Прислушиваясь к сенатору:
– …нищета, неграмотность, жадность… вот что губит маленьких девочек… она была ангелом для всех нас – ангелом Резервуар-Хилла.
Прислушиваясь к пустякам из жизни ребенка:
– …училась в школе с трех лет до настоящего времени, не пропуская занятий… участвовала в школьном совете, хоре, кружке современных танцев, оркестре мажореток… Латония стремилась стать великой танцовщицей.

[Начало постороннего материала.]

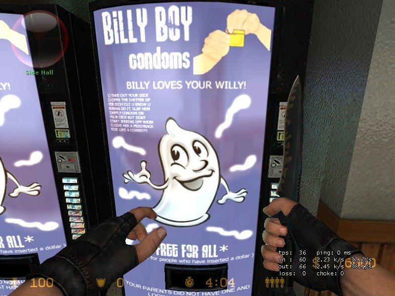 I hope you like it. Me and my good friend riko have made a billy boy condom machine. It has a reskin of the oringinal vending machine and has a completely new model and skin for the water bottle (which is now a condom)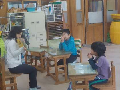 担任以外の教員の読み聞かせを聞きました。絵本の中の野菜畑に何が育てられているのか予想しながら楽しくお話を聞くことができました。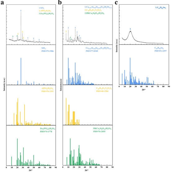 XRD patterns of fillers. (a) ceramic granule; (b) zeolite; and (c) sponge.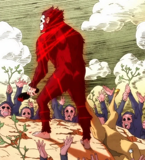When a Humanoid COVER absorbs a human being as an energy source, it becomes a Combat Enhanced COVER that specialises in combat and can operate independently from the Original Life Fiber. In this form, the COVER gains a more substantial, muscular appearance, with their "bowtie" enlarging into eye-like growths and a necktie-shaped hole appearing in their chests that bears the emaciated face of its absorbee. Once the human inside is removed, their movement ceases, and eventually break down into threads of Life Fiber.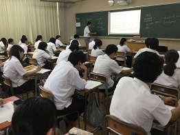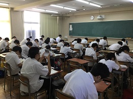 2018年8月1日 17時46分 今週は補習はありませんが、3年生が登校し主として自学自習を進める登校学習会が行われています。通常と同じ時間に登校し、慣れた自分の机で、自分で立てた計画に基づいて学習に取り組んでいます。わからないことがあれば、すぐに先生に質問することができ、途中で希望者参加の特別講義も行っています。外は暑い日々ですが、学校の中でも熱い取り組みが行われており、志望校合格を目指してみんなで頑張っています。

Прислушиваясь к панихиде, к словам, что еще никогда не казались такими выхолощенными, такими пустыми:
– Теперь она дома… потому что нас судят не быстрейшие или сильнейшие, а те, кто выживает.
Эджертон следует за толпой, собравшейся за белым гробиком, который выносят в двери. Уже вернувшись в рабочий режим, он ловит служку в белых перчатках и просит у него книгу с подписями скорбящих. В фургоне наружки, стоящем на другой стороне Парк-авеню, техник скрытно снимает уходящих – в надежде, что убийце хватит совести, чтобы рискнуть и прийти на службу. Эджертон стоит внизу лестницы в церковь, вглядывается в лица, пока люди медленно выходят на улицу.
– «Не быстрейшие или сильнейшие, а те, кто выживает», – говорит он, доставая сигарету. – Это мне нравится… Надеюсь, это он о нас.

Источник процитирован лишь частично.